I think it is interesting to consider the conservative movement today within this context. After the election, there was some blood-letting and many argued that conservatives had to redefine themselves. Instead they seem to believe they should return to the Clinton era strategy – bottleneck Washington, undermine reform, challenge every big policy initiative and use lies and fear-mongering to turn the country against the presidency. The problem is hints are again emerging that this strategy is effective. In a country where many take pride in their ignorance or the stone-like quality of their, often uninformed, opinions, framing debates in this way is very effective. This is particularly true with a mainstream media establishment that has lost its heart and tends to report as if there were no facts to confront the he said-she said nature of debates in the political arena. The big problem is we have serious long term challenges that will go unaddressed if this absurdity continues. Beyond healthcare is the still reeling economy, global warming, retirement costs in the coming years, persistent racial inequalities and ongoing income disparity differentials that undermine democracy itself. If we do not soon address these problems, I believe rumors of the not too distant demise of America might not be so exaggerated . . .

Saturday, August 01, 2009

Framing Healthcare: Fear is a Friend of Foes

Republicans, conservative talk radio and even abortion foes have come together to rejuvenate a brilliant idea from none other than the Bush administration. Renaming the inheritance tax as the death tax was a brilliant strategy used a few years ago to end an important aspect of our ideas of American meritocracy. Now they are taking a provision from the new healthcare bill to do a similar thing – use fear as a motivating factor to get the very group that need healthcare reform to oppose it. The so called “death care” provision simply asks doctors to assist patients in making living wills and other preparations for all of our ultimate fate (http://www.washingtonpost.com/wp-dyn/content/article/2009/07/31/AR2009073103148_pf.html). Yet as the powerful have known from time immemorial, besides divide and conquer, fear is one of the greatest motivators.

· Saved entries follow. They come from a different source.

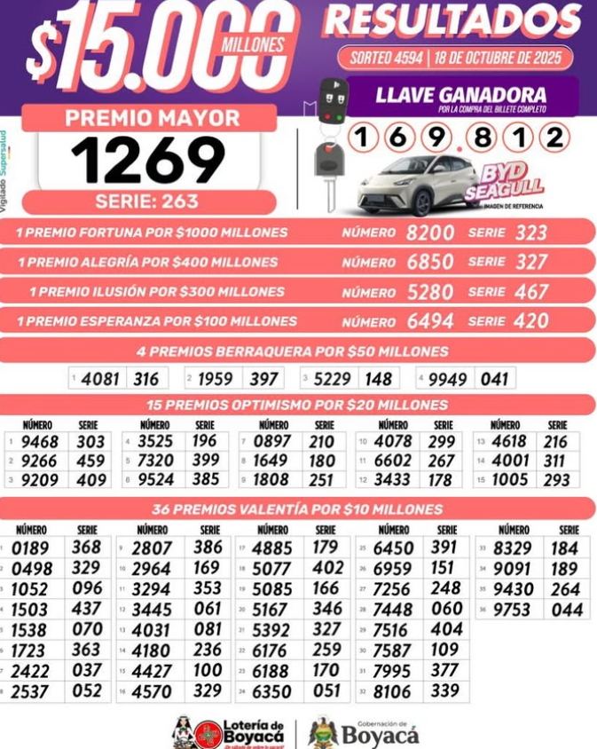 ¿Cuál es el resultado de la Lotería de Boyacá?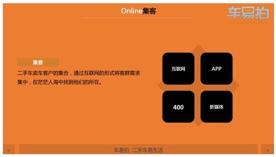 蔡旭认为,拒绝繁琐、提倡极致的互联网思维是作为电商企业的第一要务。在茫茫人海中,online集客是能够建立精准需求的最佳沟通方式,车易拍需要通过互联网平台告诉其上端消费者,全国6000车商都在车易拍的平台上等着买车,只有让消费者直观认知卖车如此简单,才会将消费者从线上引导至线下。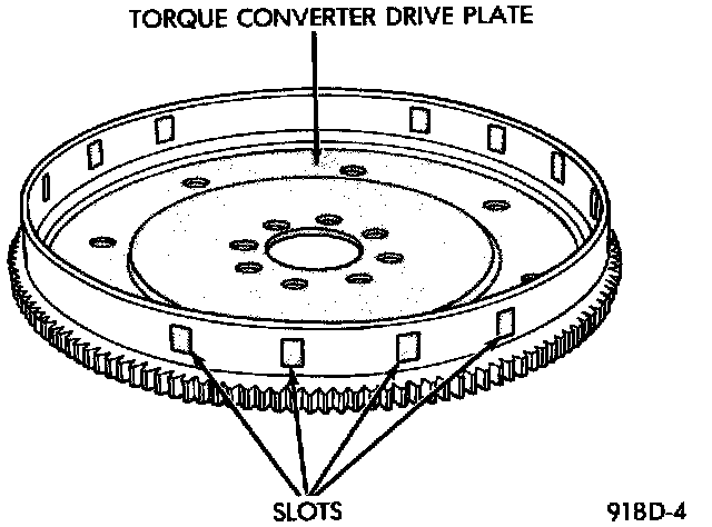 The crankshaft position sensor detects slots cut into the transmission driveplate extension. There are a 3 sets of slots. Each set contains 4 or 5 slots, for a total of 13 slots (Fig. 7). Basic timing is set by the position of the last slot in each group. Once the Powertrain Control Module (PCM) senses the last slot, it determines crankshaft position (which piston will next be at TDC) from the camshaft position sensor input. The 4 pulses generated by the crankshaft position sensor represent the 69°, 49°, 29°, and 9° BTDC marks. It may take the PCM one engine revolution to determine crankshaft position.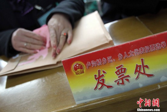 11月8日,北京市900多万选民将投票选举产生新一届区县、乡镇人大代表,据北京市选举办公室统计,全市共依法产生两级人大代表正式候选人21760名。图为卢沟桥乡第一联合选区的万泉寺二选区工作人员现场拆封选票。中新社发张宇 摄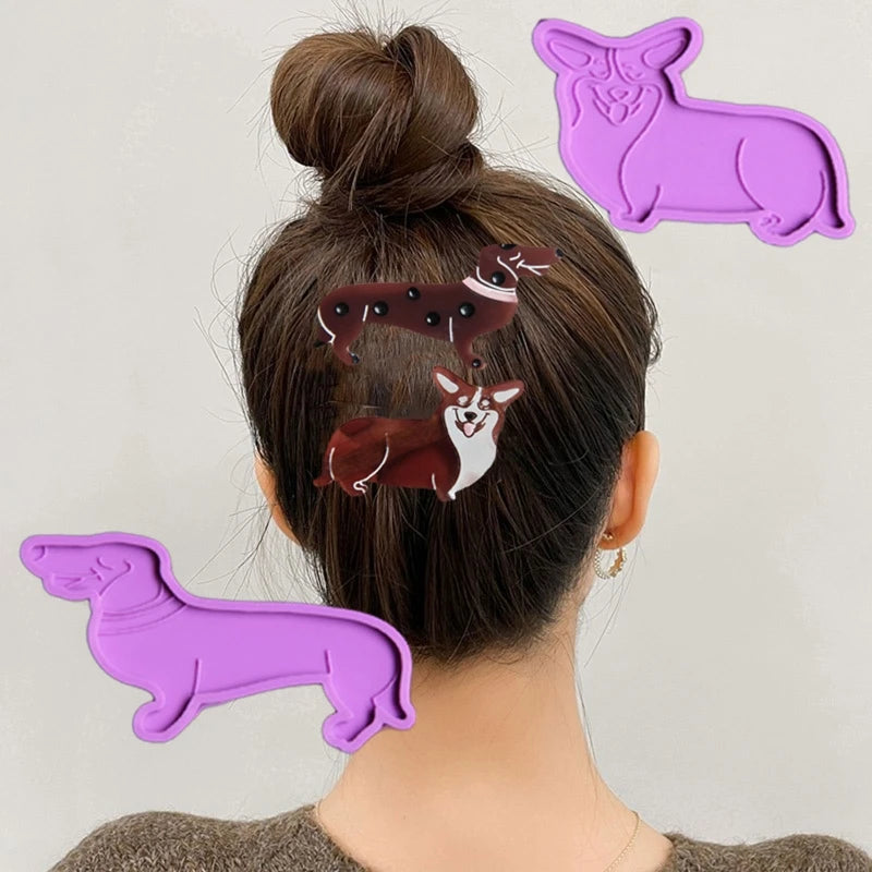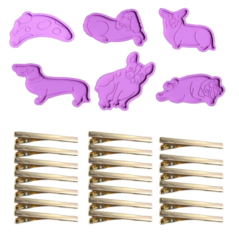 Create beautiful dog hair clips with this silicone mold. Perfect for DIY crafts and jewelry casting. Made of durable material for repeated use.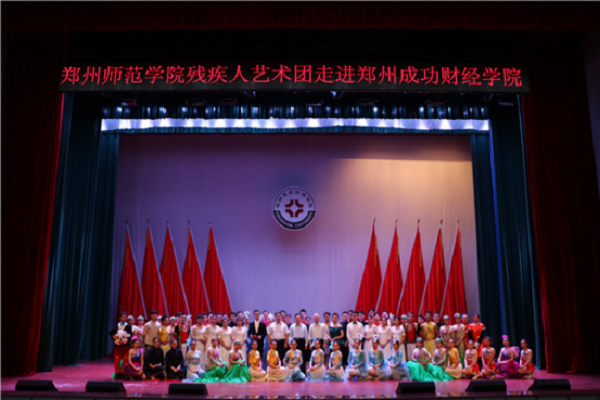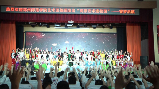 为响应国家教育主管部门促进高校素质教育,提升校园文化品位,丰富校园文化生活,引导大学生弘扬优秀民族文化的号召,我校在承接高雅艺术进校园活动的同时,也担负起高雅艺术进校园活动的演出任务。在各级校领导关怀下,郑州师范学院残疾人艺术团于2017年5月17日、18日、23日成功举办三场专场演出,走进郑州九中、郑州成功财经学院、河南交通职业技术学院,为五千余名师生带去了主题为睿梦起航的歌舞盛宴。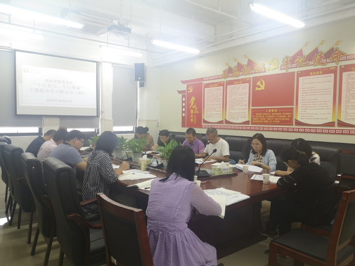 本网讯 10月21日上午,政法学院党总支在学院1608会议室召开“不忘初心、牢记使命”主题教育第四场专题研讨会,学院领导班子成员、各支部书记和组织员参加会议。会议由学院党总支书记、院长蒋炜主持。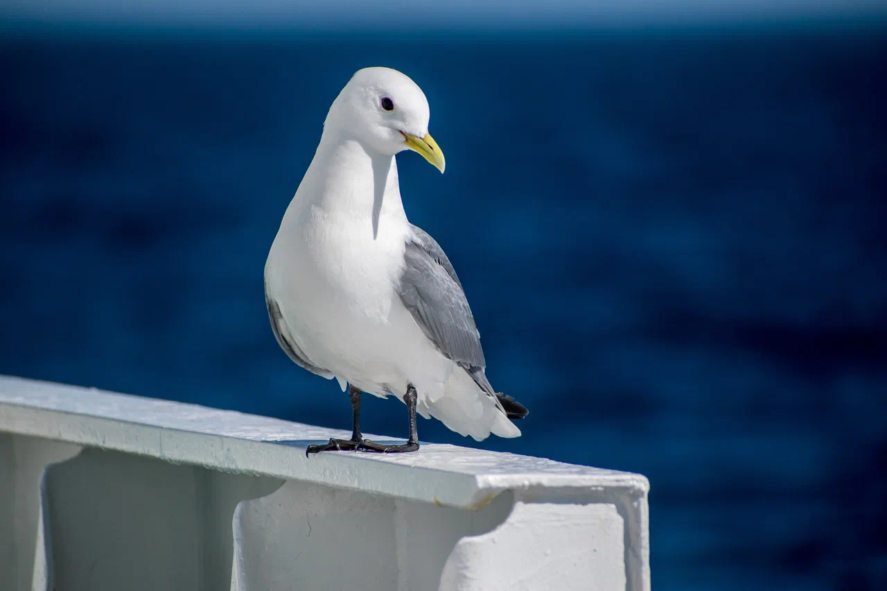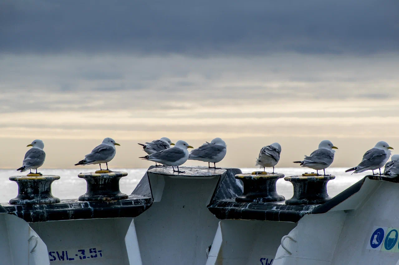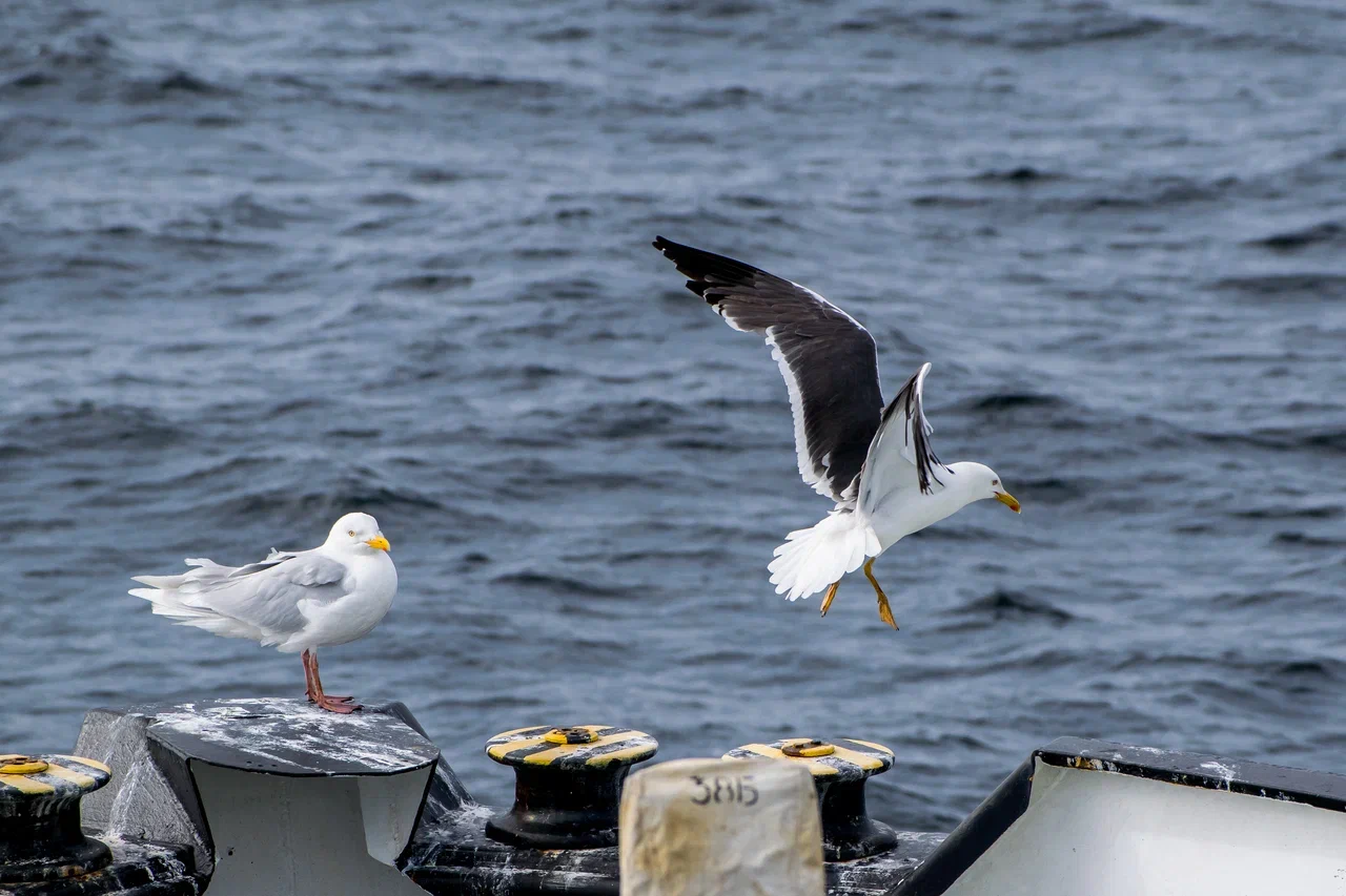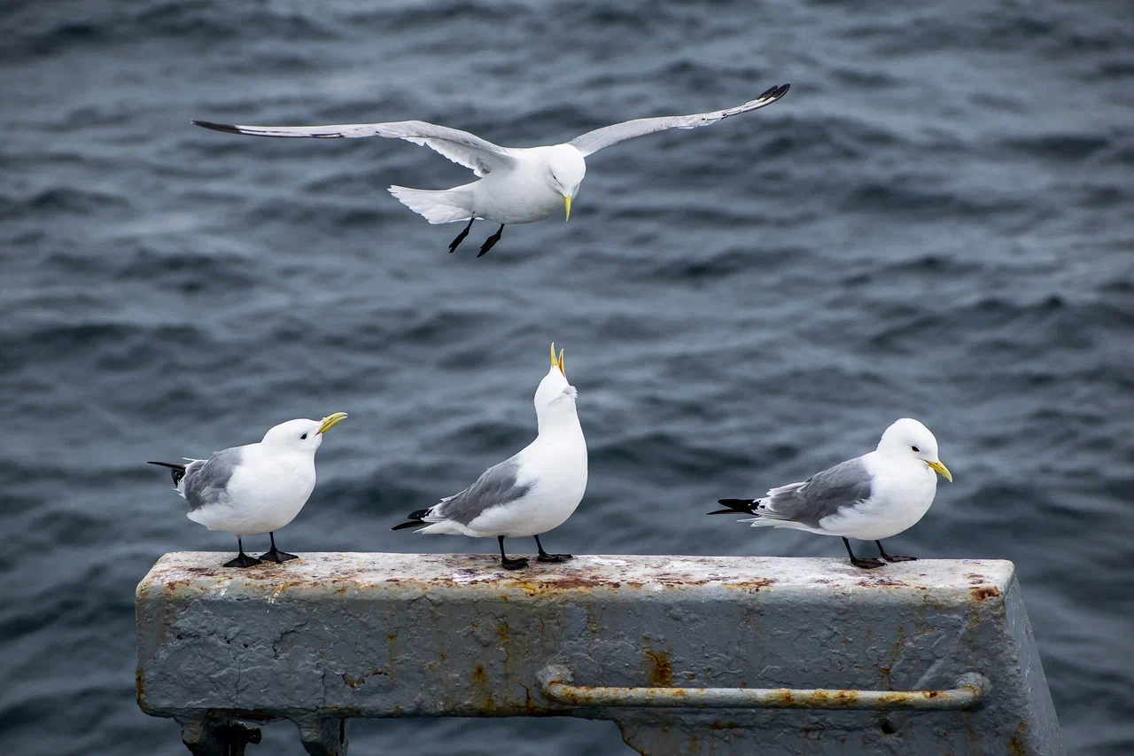 Как и в Баренцевом море, здесь повсеместно нас преследовали чайки моевки. В самую ненастную погоду они ненадолго исчезали, но вскоре появлялись снова, заняв свои места по борту нашего судна. Моевки – весьма безобидные птицы, но порой они бывают очень склочными. Пытаясь занять лучшее место на носу корабля, они готовы спорить друг с другом и гонять своих собратьев прочь, не давая усесться рядом.

It was used after 911 to start a war, undermine the constitution and misdirect a growing list of scandals that plagued the administration in the aftermath (remember all those terror alert raises at opportune moments that somehow never materialized in reality)? Now they are using the arsenal that continues to allow them to dominate public discourse and debate. Fear, divide and conquer (see Gates fiasco and Sotomayor hearing), and misinformation are their arms and they trump the still enervated Democrats, that can’t seem to find the needed ganas even in the thrall of a major electoral victory. Can we survive without substantial changes to the healthcare system? What will we do when the baby boomers start retiring in mass? How can we handle the growing obesity pandemic and its enormous long-term health costs? Can profits trump the public interest in perpetuity? Like the environment, these are questions our kids and grandkids will have to answer if conservatives have anything to say about it.